Fora das clínicas estéticas, fórmulas de cremes e séruns também avançaram. A professora Patrícia Maia Campos, fundadora do Núcleo de Estudos Avançados em Tecnologia de Cosméticos da USP, afirma que, depois dos anos 2000, houve um boom na indústria. Isso se deve, especialmente, à biotecnologia e à engenharia genética, que permite uma hiperpersonalização dos produtos a partir de informações como análise de DNA e da microbiota da pele.
“Até pouco tempo, esses produtos paravam na hidratação e nos componentes emolientes, mas agora estamos falando de uma tecnologia que coloca a pele para trabalhar, regenerando células e estimulando colágeno e elastina no dia a dia”, explica o dermatologista Rafael Tomaz, gerente médico da Galderma. É o que promete a tecnologia patenteada TriHex®1-3, presente nos produtos da marca Alastin, que chegou ao Brasil no ano passado: a fórmula à base de peptídeos permeia a pele para remover debris de colágeno e elastina velhos, contaminados pela poluição, e estimula a produção de colágeno novo. Alguns desses produtos para usar em casa têm efeitos quase tão satisfatórios quanto os procedimentos estéticos feitos em consultório. O H.A. Intensifier, da SkinCeuticals, por exemplo, promete aumentar volumetricamente a pele e gerar resultados similares, proporcionalmente, ao uso de uma seringa de ácido hialurônico injetável, apenas com uso tópico.
Os amados gadgets de beleza também ganham novas versões. Imagine um aparelho portátil capaz de analisar seu rosto e, ao mesmo tempo, processar dados genéticos para decifrar sinais de envelhecimento da pele e sugerir soluções estéticas, tudo isso em menos de cinco minutos, a partir de imagens de uma câmera de inteligência artificial e algumas gotas de saliva.

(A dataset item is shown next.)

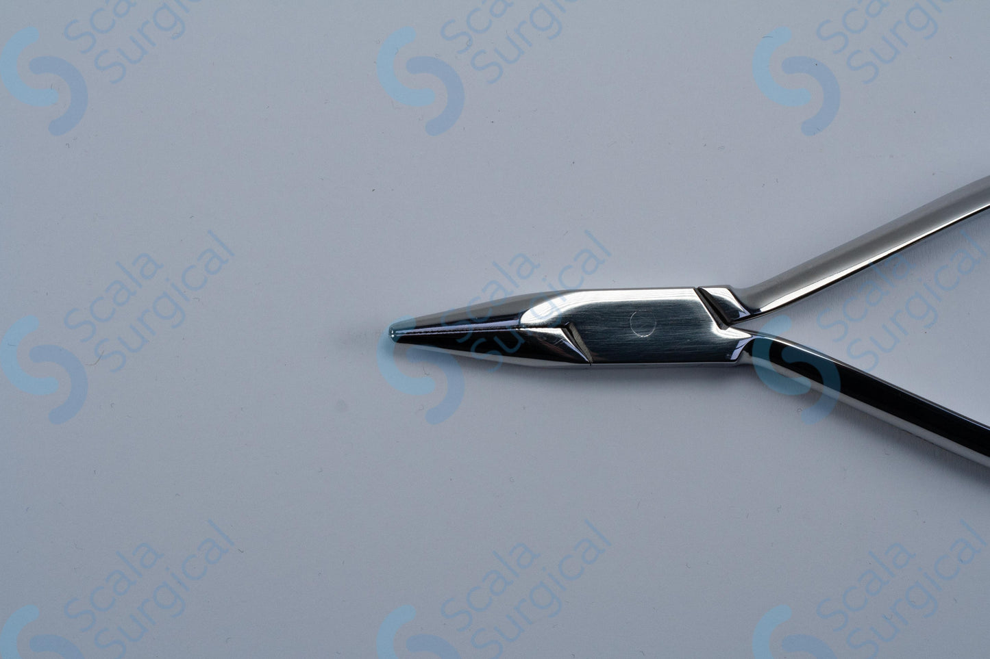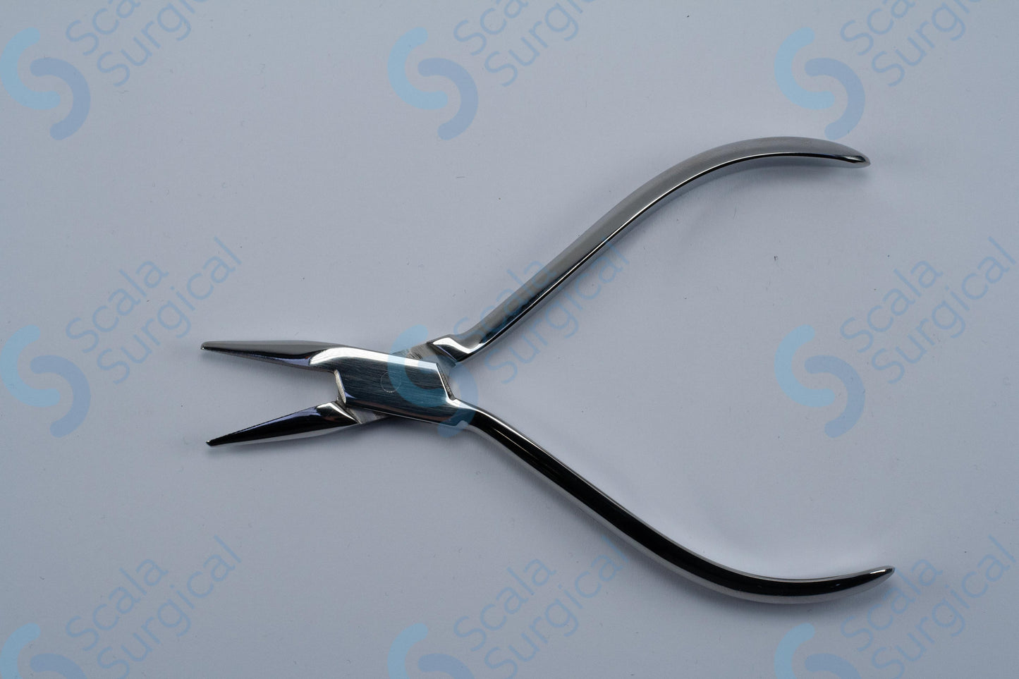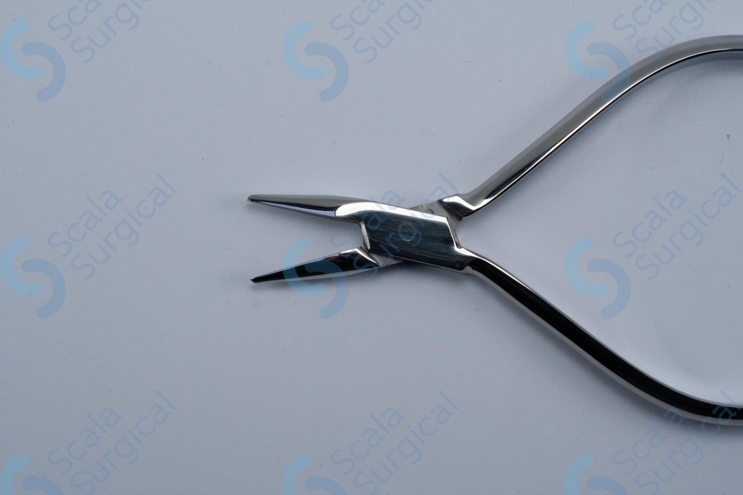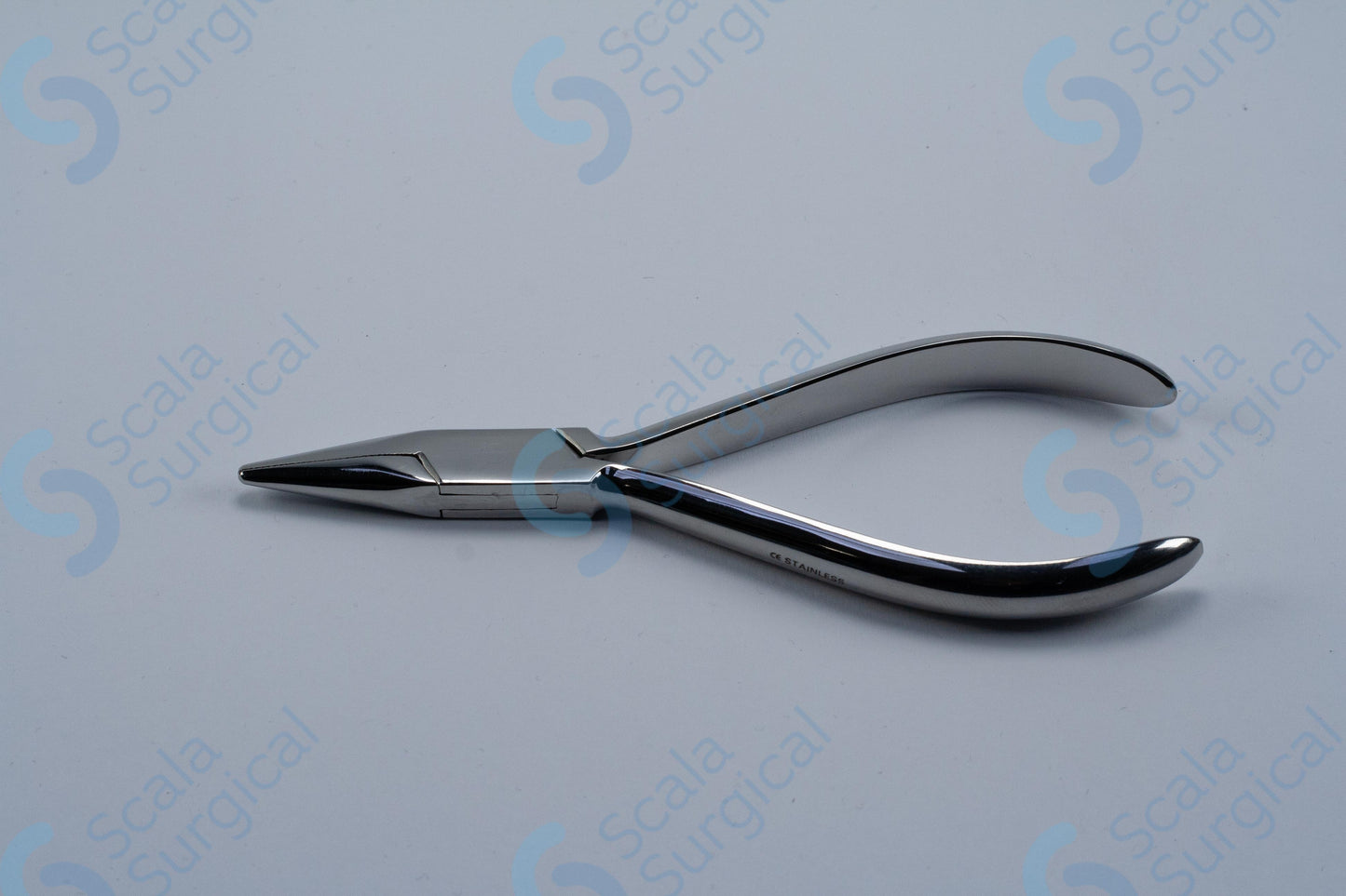 This type of plier is used for grasping, holding, and manipulating tissue during surgical procedures. The criss-cross serrations and pointed tip allow for precise control and manipulation of delicate tissue.

O que parece engenhoca futurista é, na verdade, o presente. Trata-se do L’Oréal Cell BioPrint, que a L’Oréal apresentou em janeiro na feira Consumer Electronics Show, em Las Vegas. O Cell BioPrint ainda está em fase de teste na Ásia, mas há outras versões de assistentes virtuais de beleza disponíveis no mercado. É o caso do Micro Led Beauty Mirror, da Samsung – que analisa características da pele e oferece recomendações personalizadas, com base em algoritmo treinado com mais de 20 mil diagnósticos clínicos –, e do K-Scan, da Kérastase, que avalia o microbioma do couro cabeludo e identifica sinais de caspa, irritação, queda de cabelo e outros problemas, além de sugerir tratamentos personalizados. O viralizado Age-R Booster Pro, da Medicube, combina seis diferentes tecnologias – eletroporação, microcorrentes, estimulação elétrica muscular, LED, vibração sônica e air shot – em um pequeno dispositivo portátil, feito para ser usado em casa e ajudar a firmar a pele, atenuar rugas e minimizar poros, além de facilitar a absorção de produtos tópicos.

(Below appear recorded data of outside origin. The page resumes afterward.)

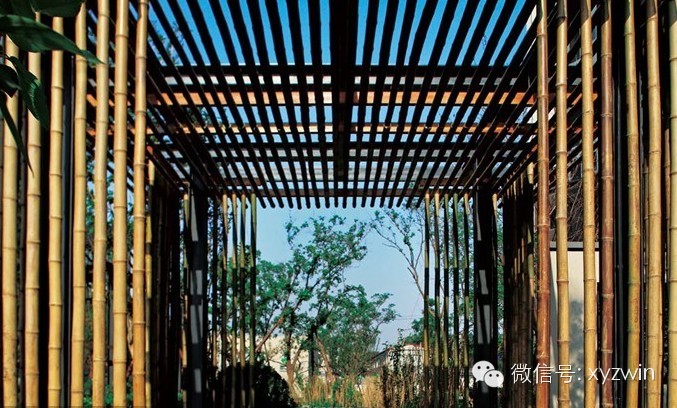 另外,本项目的主题为“格调竹境”,就是要强调住宅区内“竹林”的格调和意境。“可以居无肉,不可居无竹”,竹自古以来就是中国文化的重要意象。该社区南侧的主入口作为售楼处和会所的所在地,看房者要通过曲折又狭长的竹林小径才能到达售楼处的门口,周围被浓密的竹林所环抱,只能看售楼处的建筑立面,这是购房者对楼盘的第一直观印象。然后,要经过左转弯到接待处,再通过景观长廊并登楼梯上二楼样,才看到精心布局的样板房。经过这样回环曲折的空间之后,购房者还要再次穿过架空的二楼会所的底层,才豁然开朗看到整个小区的中轴开阔自然的草坡、森林、湖水的景观效果。这种先抑后扬、豁然开朗的造园手法,让购房者形成强烈的景观震撼感,使之感叹“在竹境中邂逅格调”,这种设计手法使该楼盘的销售量大增。
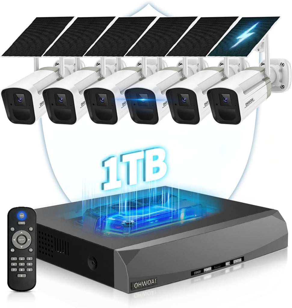 《100% Wire-Free》Wireless Outdoor Security Camera System, Solar Powered WiFi Cameras Systems with PIR Motion Detection, 6cams
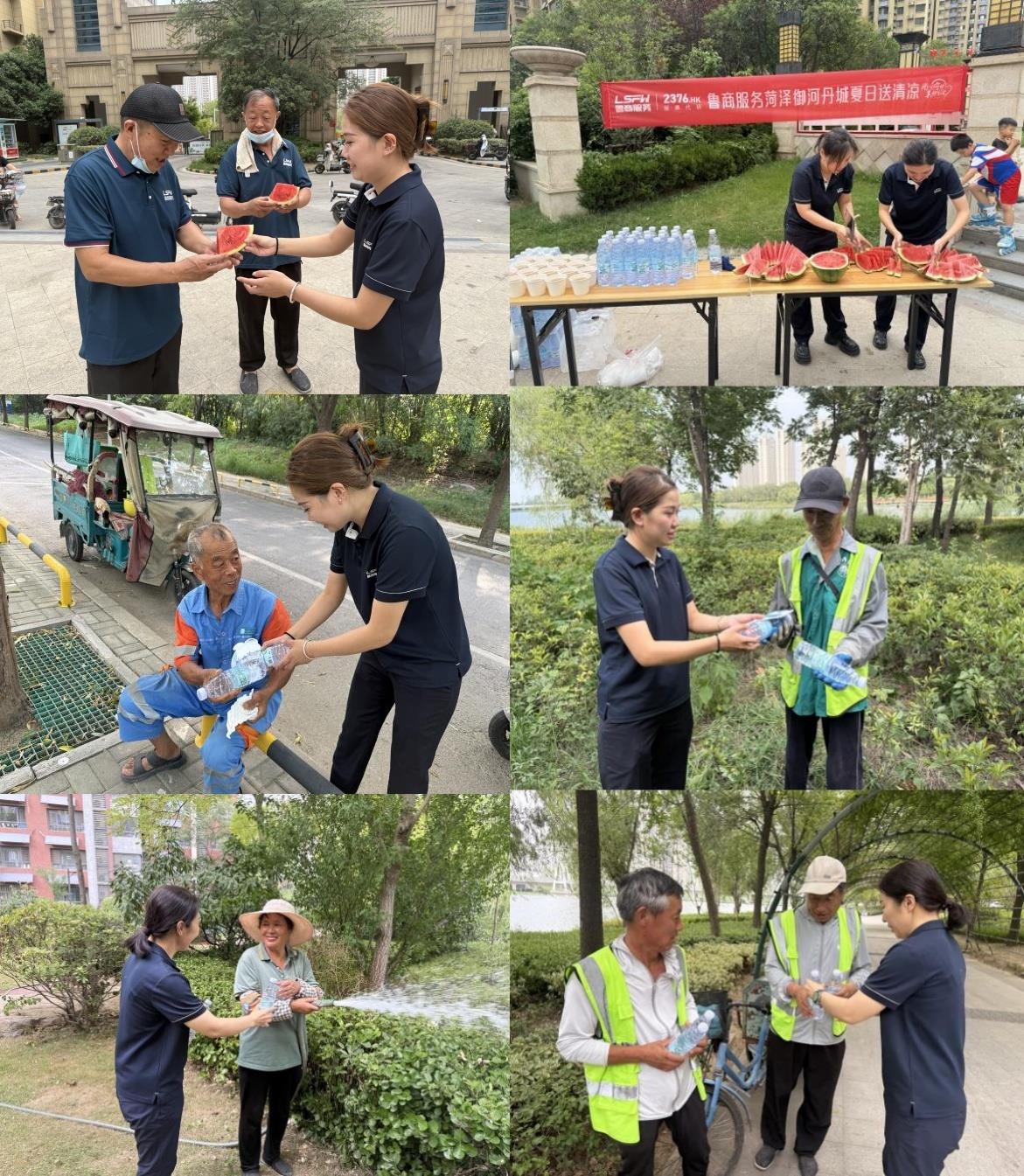魯商服務(wù)各項(xiàng)目還特別關(guān)注環(huán)衛(wèi)工人群體,菏澤鳳凰城和御河丹城項(xiàng)目在小區(qū)門(mén)口組織專(zhuān)人將解暑西瓜、礦泉水送到一線,為環(huán)衛(wèi)工人遞上冰鎮(zhèn)瓶裝水,還細(xì)心將新鮮西瓜切塊分裝,讓大家在高溫中能歇腳解渴。環(huán)衛(wèi)工李師傅感動(dòng)地說(shuō):“這么熱的天能吃上西瓜,心里是真涼爽!”
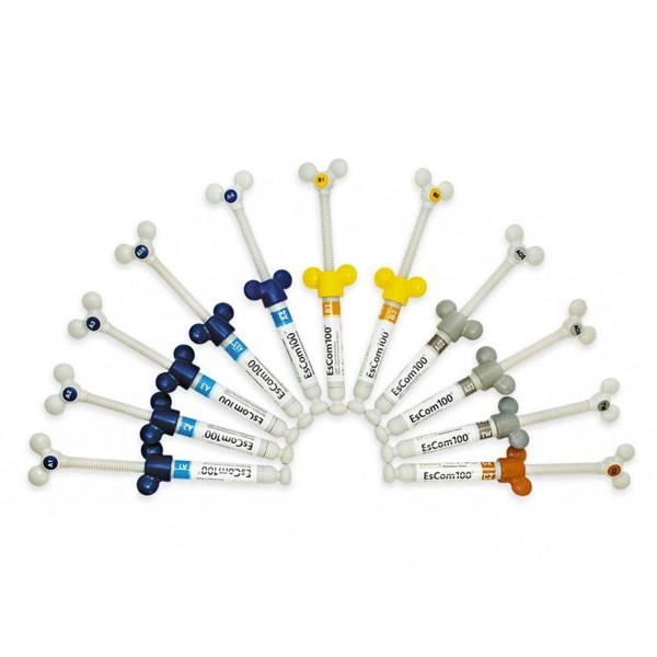 EsCom 100 — Наногибридный, светополимеризующийся композит, подходящий для всех полостей фронтальных и боковых зубов.
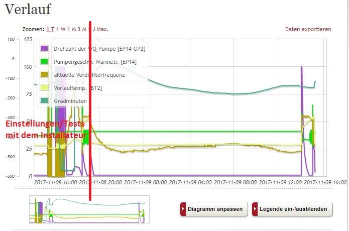 ansonst schaut's super bei dir aus. der verdichter moduliert, sodass vl-ist ~ vl-soll bleibt. die zacken für warmwasser schauen auch sehr gut. nach bedarf wird nachgeladen. |
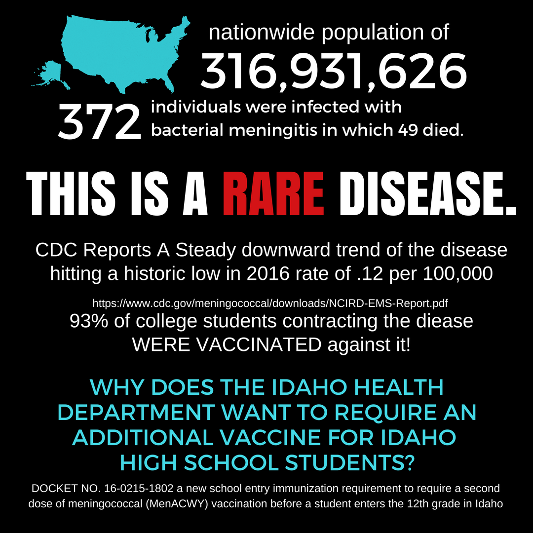 Menegitis cause by neisseria meningitidis is VERY RARE with a one in a million chance of getting the disease. CDC reports its at an all time low. 372 cases in 2016. Less than 3 people a year average get bacterial or viral meningitis in Idaho. Death from the disease is VERY VERY RARE. Idaho health department recently decided to add a booster shot of meningitis to the high school requirements. Here’s an article showing you how rare and ineffective the vaccine is.
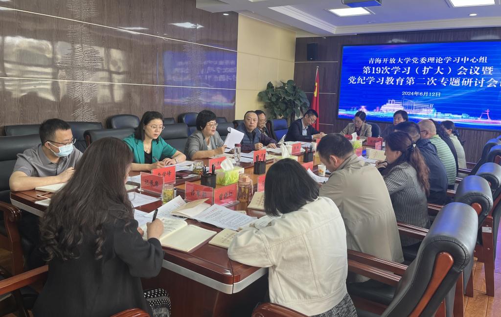 6月12日上午,青海开放大学召开党委理论学习中心组学习(扩大)会暨党纪学习教育第二次专题研讨会议,学习《习近平关于全面加强党的纪律建设论述摘编》相关内容,围绕“知敬畏、存戒惧、守底线”主题开展党纪学习教育第二次研讨。党委班子成员、全校处级干部、各党支部书记参加。会议由党委书记汪琦主持。

Em paralelo às tecnologias de ponta, o futuro da beleza caminha em direção a um olhar 360 graus sobre a saúde, apontam os especialistas. Na prática, a estética passa a andar cada vez mais alinhada a aspectos como a qualidade do sono, a redução no consumo de açúcar e a reposição de vitaminas e antioxidantes, além dos impactos dos hormônios em diferentes etapas da vida, especialmente das mulheres. Por isso, é cada vez mais comum que clínicas de dermatologia e estética tenham salas com nutricionistas e endocrinologistas – o que vai na mesma direção do conceito de proaging, ou seja, da ideia não de combater a passagem do tempo, mas os sinais negativos do envelhecimento. “A gente só consegue trazer beleza para a pele se o corpo todo estiver saudável”, diz a dermatologista e tricologista Calu Franco.